*** DATASET EXTRACT ***

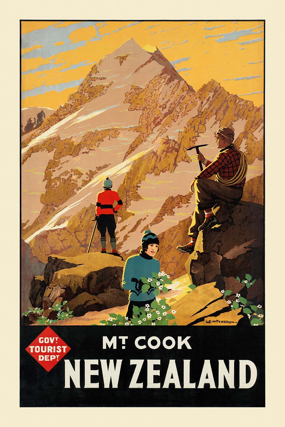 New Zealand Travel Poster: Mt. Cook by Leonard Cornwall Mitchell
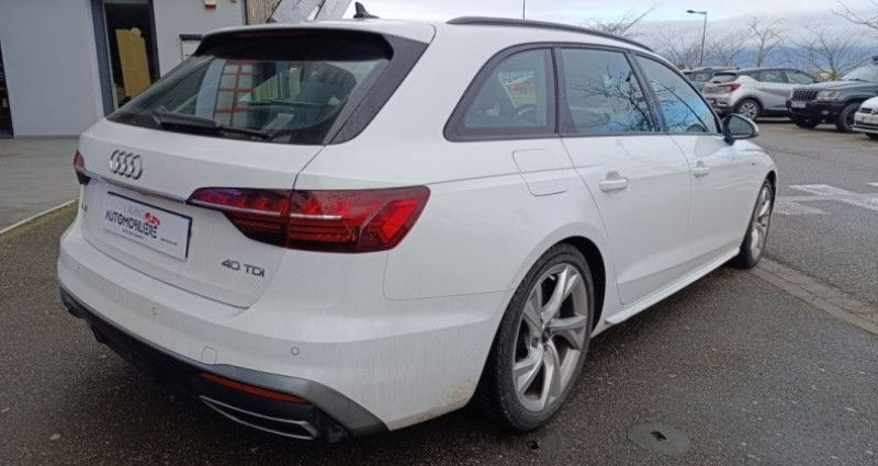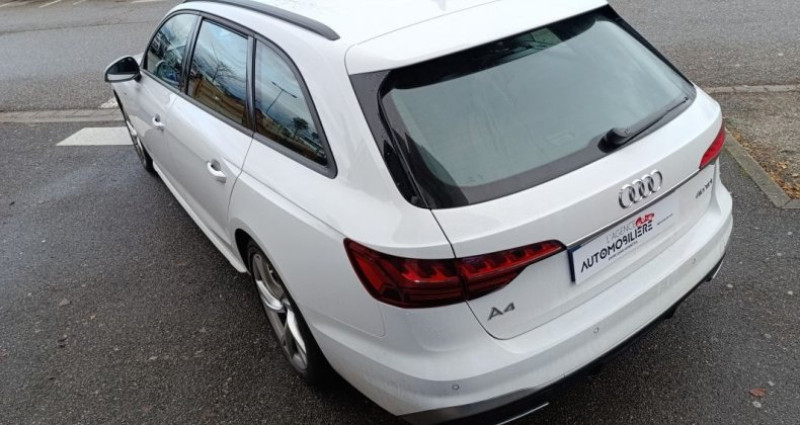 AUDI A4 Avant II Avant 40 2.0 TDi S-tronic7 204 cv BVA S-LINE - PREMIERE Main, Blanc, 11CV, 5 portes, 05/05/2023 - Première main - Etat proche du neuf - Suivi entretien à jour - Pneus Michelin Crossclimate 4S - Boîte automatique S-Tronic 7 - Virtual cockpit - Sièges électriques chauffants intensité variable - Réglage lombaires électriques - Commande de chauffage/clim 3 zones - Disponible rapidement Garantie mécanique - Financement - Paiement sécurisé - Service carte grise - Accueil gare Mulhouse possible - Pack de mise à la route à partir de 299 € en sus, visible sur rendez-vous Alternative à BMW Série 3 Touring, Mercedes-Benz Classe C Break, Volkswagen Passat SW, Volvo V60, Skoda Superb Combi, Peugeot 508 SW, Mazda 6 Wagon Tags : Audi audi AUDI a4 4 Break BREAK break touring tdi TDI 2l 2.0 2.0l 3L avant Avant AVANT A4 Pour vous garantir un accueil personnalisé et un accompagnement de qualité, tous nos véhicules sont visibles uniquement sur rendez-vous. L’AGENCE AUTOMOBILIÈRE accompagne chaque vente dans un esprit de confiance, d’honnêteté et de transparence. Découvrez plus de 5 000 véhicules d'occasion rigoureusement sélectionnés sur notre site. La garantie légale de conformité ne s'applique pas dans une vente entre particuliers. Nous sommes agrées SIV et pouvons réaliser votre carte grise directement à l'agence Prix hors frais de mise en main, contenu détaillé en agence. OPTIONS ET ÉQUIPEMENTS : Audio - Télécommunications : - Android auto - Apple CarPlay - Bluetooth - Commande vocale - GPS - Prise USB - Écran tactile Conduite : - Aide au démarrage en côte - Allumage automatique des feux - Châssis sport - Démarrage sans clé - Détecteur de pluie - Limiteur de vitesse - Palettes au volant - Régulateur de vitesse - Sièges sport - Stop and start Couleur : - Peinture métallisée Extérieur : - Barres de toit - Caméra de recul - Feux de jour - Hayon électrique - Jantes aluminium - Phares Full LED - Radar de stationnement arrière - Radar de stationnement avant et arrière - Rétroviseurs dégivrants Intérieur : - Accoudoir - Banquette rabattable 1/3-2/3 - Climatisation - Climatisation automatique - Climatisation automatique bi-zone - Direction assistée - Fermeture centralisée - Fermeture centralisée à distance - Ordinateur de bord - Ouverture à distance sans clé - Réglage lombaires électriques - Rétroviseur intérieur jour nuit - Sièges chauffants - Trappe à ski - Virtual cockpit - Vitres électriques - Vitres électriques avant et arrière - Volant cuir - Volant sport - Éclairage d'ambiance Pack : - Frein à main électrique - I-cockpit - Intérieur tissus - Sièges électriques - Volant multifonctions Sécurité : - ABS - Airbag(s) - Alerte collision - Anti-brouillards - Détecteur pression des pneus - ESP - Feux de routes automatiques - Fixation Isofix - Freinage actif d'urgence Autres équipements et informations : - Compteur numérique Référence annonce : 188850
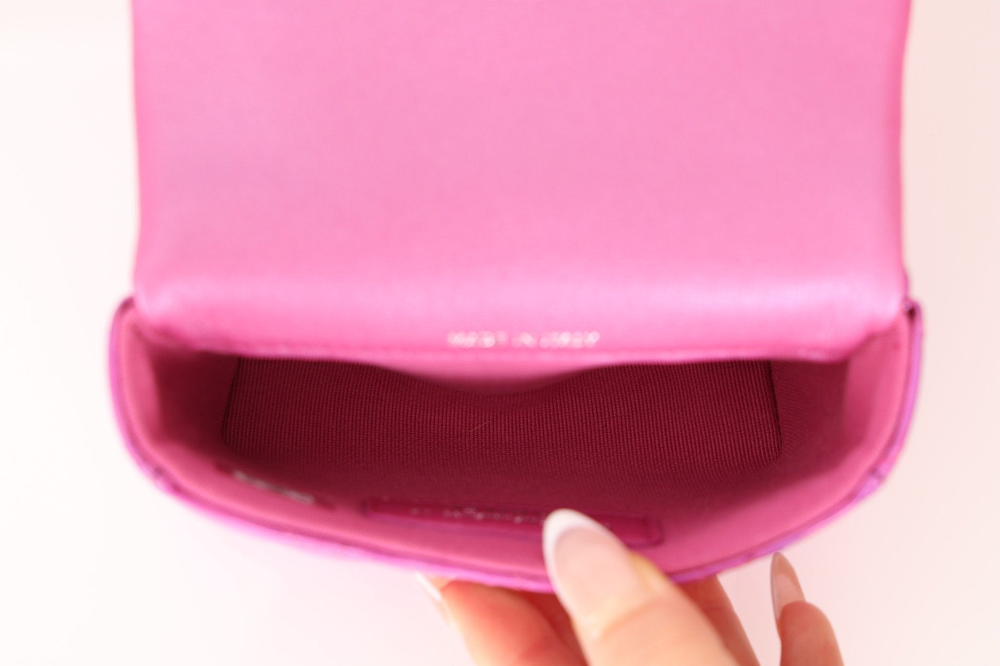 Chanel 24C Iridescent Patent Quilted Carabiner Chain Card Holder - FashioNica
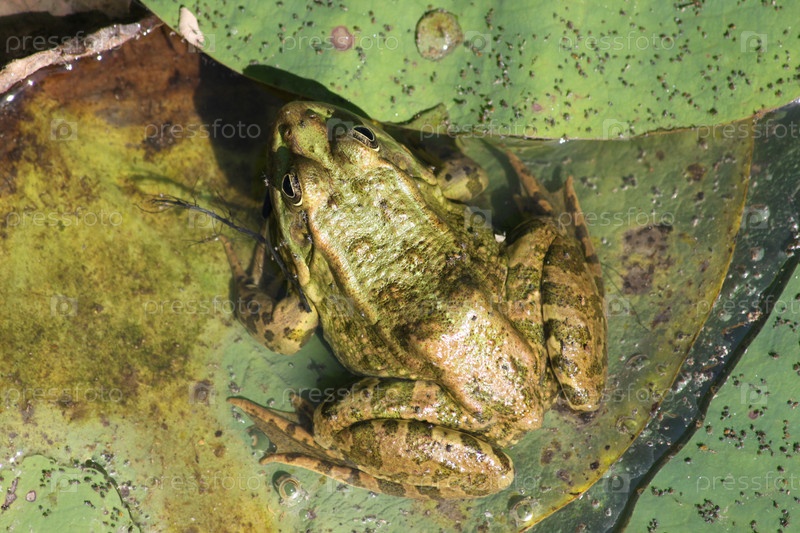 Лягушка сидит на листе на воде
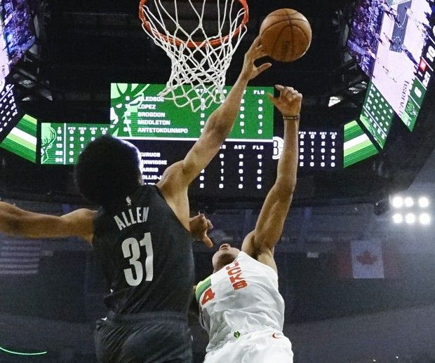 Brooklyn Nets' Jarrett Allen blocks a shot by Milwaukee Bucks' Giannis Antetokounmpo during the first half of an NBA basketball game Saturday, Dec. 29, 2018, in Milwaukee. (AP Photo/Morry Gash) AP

***

§ WHAT YOU ARE ASKED TO DO: Begin at the line with "Лягушка сидит на листе на воде" and retype exactly every line through the last one of the entries above, both included, and nothing more; pictures stay out.

§ WRITTEN RESPONSE:
 Лягушка сидит на листе на воде
 Brooklyn Nets' Jarrett Allen blocks a shot by Milwaukee Bucks' Giannis Antetokounmpo during the first half of an NBA basketball game Saturday, Dec. 29, 2018, in Milwaukee. (AP Photo/Morry Gash) AP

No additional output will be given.